> **HOW TO COMPLETE THIS TASK**: Apart from the pictures, please restate every entry below exactly.

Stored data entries
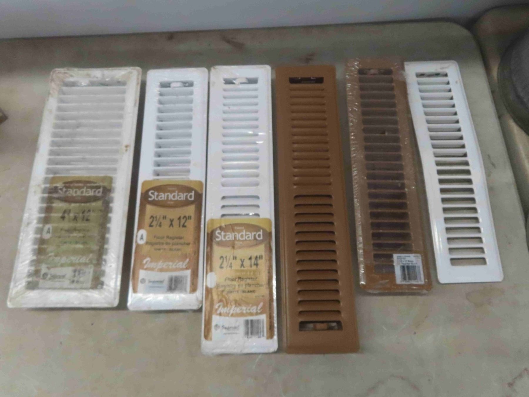 5 Heat Registers ( 4 New in Package ) , 2 Galvanized Watering Cans & More
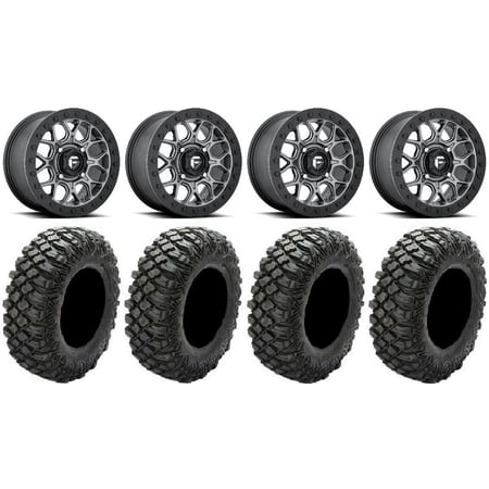 This Wheel and Tire Kit Includes: (4) Fuel Tech Beadlock 15×7 ATV/UTV Wheels – Gunmetal (4/156) 5+2 [D9191570A554] (4) Pro Armor Crawler XG (8ply) Radial ATV Tires [28×10-15] (1) Gorilla 12mm x 1.5 Lug Kit & Valve Stems – Chrome [K4CS-12150GR] (4) Tires Mount on ATV/UTV Beadlock Wheels These Wheels will fit the following machines: Arctic Cat/Textron: Wildcat XX (2020-2023) Wildcat XX (2018-2019) Polaris: General 1000 (2016-2023) General 4 1000 (2017-2022) General XP 1000 (2020-2023) General XP 4 1000 (2020-2023) Ranger Crew 900 (2013+) Ranger Crew 900-6 (2015-2016) Ranger Crew Diesel (2015+) Ranger Crew XP 1000 (2017-2023) Ranger Crew XP 570-6 (2016) Ranger Crew XP 900 (2017-2019) Ranger Crew XP 900-5 (2016) Ranger Crew XP 900-6 (2016) Ranger Diesel (2015+) Ranger Diesel HST (2014+) Ranger XP 1000 (2017-2023) Ranger XP 570 (2016) Ranger XP 900 (2013-2019) RZR 4 XP 1000 (2015) RZR Pro XP (2020-2023) RZR PRO XP 4 (2020-2023) RZR RS1 (2018-2022) RZR S 1000 (2015-2021) RZR S 900 (2015-2021) RZR Trail 900 (2021-2023) RZR Trail S 1000 (2021-2023) RZR Trail S 900 (2021-2023) RZR Turbo S (2021-2022) RZR Turbo S 4 (2021-2022) RZR XP (2015-2021) RZR XP 1000 (2014-2024) RZR XP 4 (2016-2021) RZR XP 4 1000 (2014-2024) RZR XP Turbo (2021) Scrambler XP 1000 (2020-2023) Sportsman XP 1000 (2020-2023) Note: Wheels with 6+1 offset will NOT fit on the Polaris Turbo S due to the larger brake caliper FITMENT NOTES: If you have any questions or concerns about fitment please contact us by email or phone BEFORE you order. This listing is for these machine models with a 4×156 Bolt Pattern and 12mmx1.5 Lug Kit. Tire clearance varies by specific machine. Most machines can go at least 1 larger on the tire diameter. Fitment for other machines is available – Browse our wheel and tire kits for UTVs and ATVs. GENERAL NOTES: When you buy a set of 4 wheels OR 4 wheels & tires from us we include a Chrome Lug Kit at no additional charge ($32 Savings). Beware of other companies that do not include lug nuts & valve stems with their wheel sale some wheels require a special type of lug nut to fit into the wheel and your stock lug nuts may not work. If you wish to substitute the Chrome Lug Kit with a Black Lug Kit please contact us prior to ordering to verify availability and to ensure the change is made before
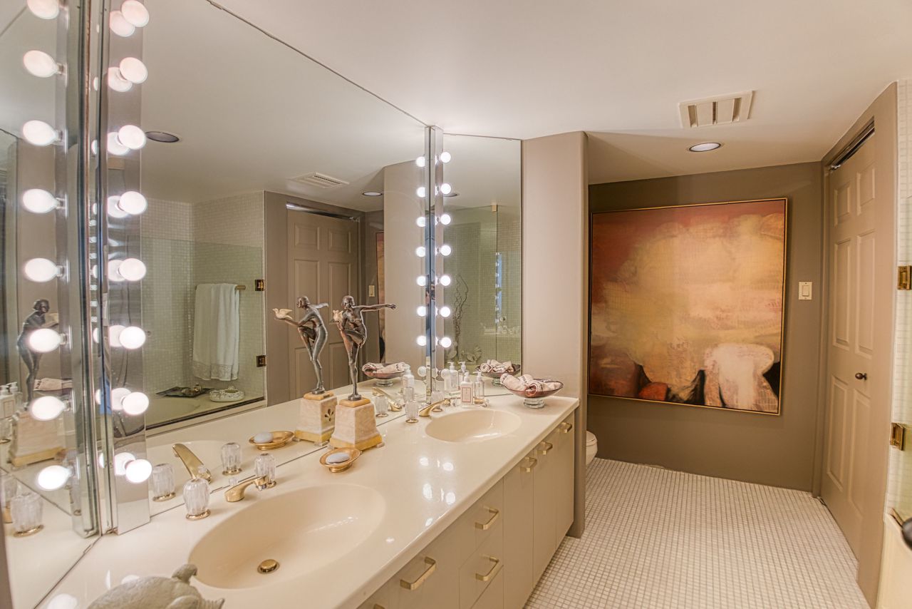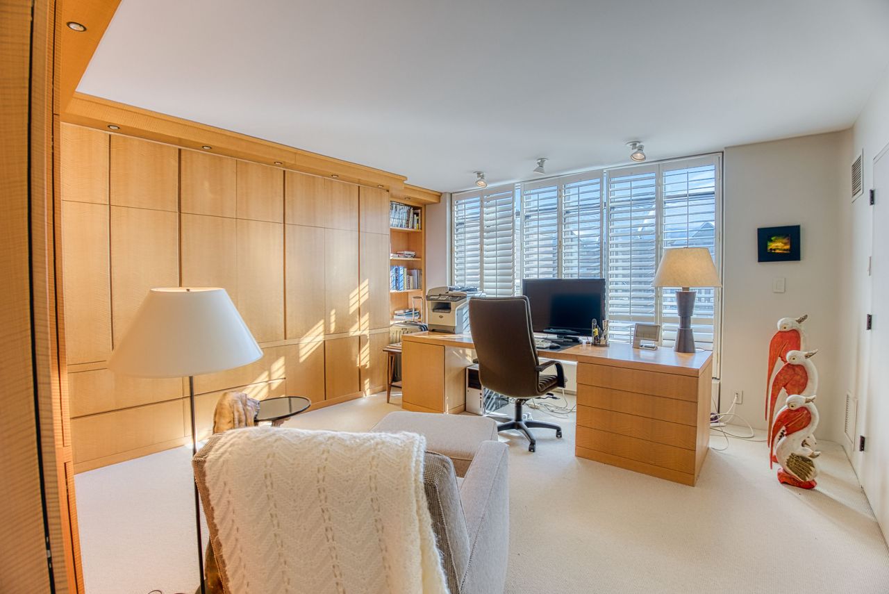 兩間臥室均位於公寓左側,各自配有獨立衛浴。開闊的主臥套房堪稱休憩聖殿,六件套豪華主衛配備深泡浴缸、玻璃淋浴房、雙人盥洗台及智能馬桶。充裕的儲物空間與加裝加州百葉窗的超大觀景窗更添魅力。次臥現用作辦公室,內設帶洗衣功能的五件套衛浴,巧妙設計的門使該衛浴既能服務訪客又可保障臥室私密性,另有嵌入式衣櫃提供充足收納。
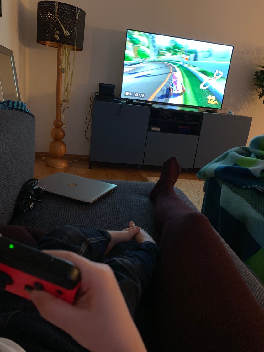 Wir zocken Mario Cart. Genau genommen zocken die Kinder und ich muss immer übernehmen, wenn Sie sich hoffnungslos festgefahren haben. Ich leide ein wenig unter den unterirdischen Mario Cart-Skills meiner Nachkommen. Da geht noch was.
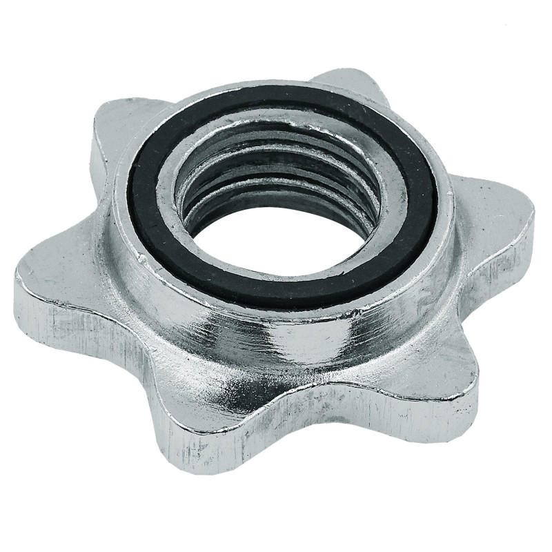 Замок гайка SHUANG CAI SPORTS TA-8058-28 виготовлений з міцного металу. Цей замок підходить для грифів із посадковими втулками, на яких є нарізане різьблення. Різьбовий замок дає змогу надійно зафіксувати вантаж, уникнути його зсуву й істотно зменшити шум під час виконання вправ зі штангою. Хромоване покриття забезпечує тривалий термін служби замка і робить його візуально більш презентабельним. Замок сумісний із грифами діаметром 28 мм, тобто підходить для класичного грифа.
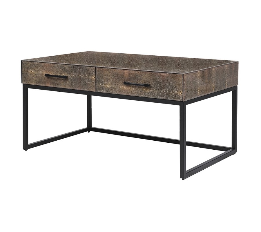 Konferenčný stolík Baron je elegantný industriálny kúsok s výrazným charakterom, ktorý spája luxusnú textúru kože so studenou estetikou kovu. Jeho obdĺžniková doska je potiahnutá hnedou koženkou s reliéfnym povrchom typu shagreen, ktorý verne imituje jemnú zrnitú štruktúru raje. V závislosti od dopadu svetla sa odtiene materiálu menia od medovej až po bronzovo hnedú, čo dodáva povrchu hĺbku a elegantný lesk.
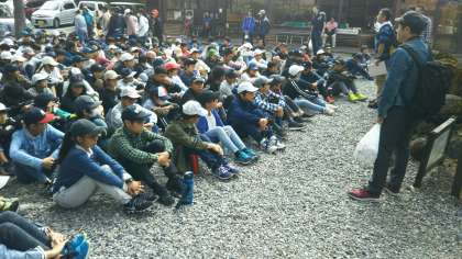フィールドワークとクラフト体験を終えて河口湖フィールドセンターを出発します。次はレーダードームに向かいます。(田村真)

> **ANSWER BOX**:
 5 Heat Registers ( 4 New in Package ) , 2 Galvanized Watering Cans & More
 This Wheel and Tire Kit Includes: (4) Fuel Tech Beadlock 15×7 ATV/UTV Wheels – Gunmetal (4/156) 5+2 [D9191570A554] (4) Pro Armor Crawler XG (8ply) Radial ATV Tires [28×10-15] (1) Gorilla 12mm x 1.5 Lug Kit & Valve Stems – Chrome [K4CS-12150GR] (4) Tires Mount on ATV/UTV Beadlock Wheels These Wheels will fit the following machines: Arctic Cat/Textron: Wildcat XX (2020-2023) Wildcat XX (2018-2019) Polaris: General 1000 (2016-2023) General 4 1000 (2017-2022) General XP 1000 (2020-2023) General XP 4 1000 (2020-2023) Ranger Crew 900 (2013+) Ranger Crew 900-6 (2015-2016) Ranger Crew Diesel (2015+) Ranger Crew XP 1000 (2017-2023) Ranger Crew XP 570-6 (2016) Ranger Crew XP 900 (2017-2019) Ranger Crew XP 900-5 (2016) Ranger Crew XP 900-6 (2016) Ranger Diesel (2015+) Ranger Diesel HST (2014+) Ranger XP 1000 (2017-2023) Ranger XP 570 (2016) Ranger XP 900 (2013-2019) RZR 4 XP 1000 (2015) RZR Pro XP (2020-2023) RZR PRO XP 4 (2020-2023) RZR RS1 (2018-2022) RZR S 1000 (2015-2021) RZR S 900 (2015-2021) RZR Trail 900 (2021-2023) RZR Trail S 1000 (2021-2023) RZR Trail S 900 (2021-2023) RZR Turbo S (2021-2022) RZR Turbo S 4 (2021-2022) RZR XP (2015-2021) RZR XP 1000 (2014-2024) RZR XP 4 (2016-2021) RZR XP 4 1000 (2014-2024) RZR XP Turbo (2021) Scrambler XP 1000 (2020-2023) Sportsman XP 1000 (2020-2023) Note: Wheels with 6+1 offset will NOT fit on the Polaris Turbo S due to the larger brake caliper FITMENT NOTES: If you have any questions or concerns about fitment please contact us by email or phone BEFORE you order. This listing is for these machine models with a 4×156 Bolt Pattern and 12mmx1.5 Lug Kit. Tire clearance varies by specific machine. Most machines can go at least 1 larger on the tire diameter. Fitment for other machines is available – Browse our wheel and tire kits for UTVs and ATVs. GENERAL NOTES: When you buy a set of 4 wheels OR 4 wheels & tires from us we include a Chrome Lug Kit at no additional charge ($32 Savings). Beware of other companies that do not include lug nuts & valve stems with their wheel sale some wheels require a special type of lug nut to fit into the wheel and your stock lug nuts may not work. If you wish to substitute the Chrome Lug Kit with a Black Lug Kit please contact us prior to ordering to verify availability and to ensure the change is made before
 兩間臥室均位於公寓左側,各自配有獨立衛浴。開闊的主臥套房堪稱休憩聖殿,六件套豪華主衛配備深泡浴缸、玻璃淋浴房、雙人盥洗台及智能馬桶。充裕的儲物空間與加裝加州百葉窗的超大觀景窗更添魅力。次臥現用作辦公室,內設帶洗衣功能的五件套衛浴,巧妙設計的門使該衛浴既能服務訪客又可保障臥室私密性,另有嵌入式衣櫃提供充足收納。
 Wir zocken Mario Cart. Genau genommen zocken die Kinder und ich muss immer übernehmen, wenn Sie sich hoffnungslos festgefahren haben. Ich leide ein wenig unter den unterirdischen Mario Cart-Skills meiner Nachkommen. Da geht noch was.
 Замок гайка SHUANG CAI SPORTS TA-8058-28 виготовлений з міцного металу. Цей замок підходить для грифів із посадковими втулками, на яких є нарізане різьблення. Різьбовий замок дає змогу надійно зафіксувати вантаж, уникнути його зсуву й істотно зменшити шум під час виконання вправ зі штангою. Хромоване покриття забезпечує тривалий термін служби замка і робить його візуально більш презентабельним. Замок сумісний із грифами діаметром 28 мм, тобто підходить для класичного грифа.
 Konferenčný stolík Baron je elegantný industriálny kúsok s výrazným charakterom, ktorý spája luxusnú textúru kože so studenou estetikou kovu. Jeho obdĺžniková doska je potiahnutá hnedou koženkou s reliéfnym povrchom typu shagreen, ktorý verne imituje jemnú zrnitú štruktúru raje. V závislosti od dopadu svetla sa odtiene materiálu menia od medovej až po bronzovo hnedú, čo dodáva povrchu hĺbku a elegantný lesk.
フィールドワークとクラフト体験を終えて河口湖フィールドセンターを出発します。次はレーダードームに向かいます。(田村真)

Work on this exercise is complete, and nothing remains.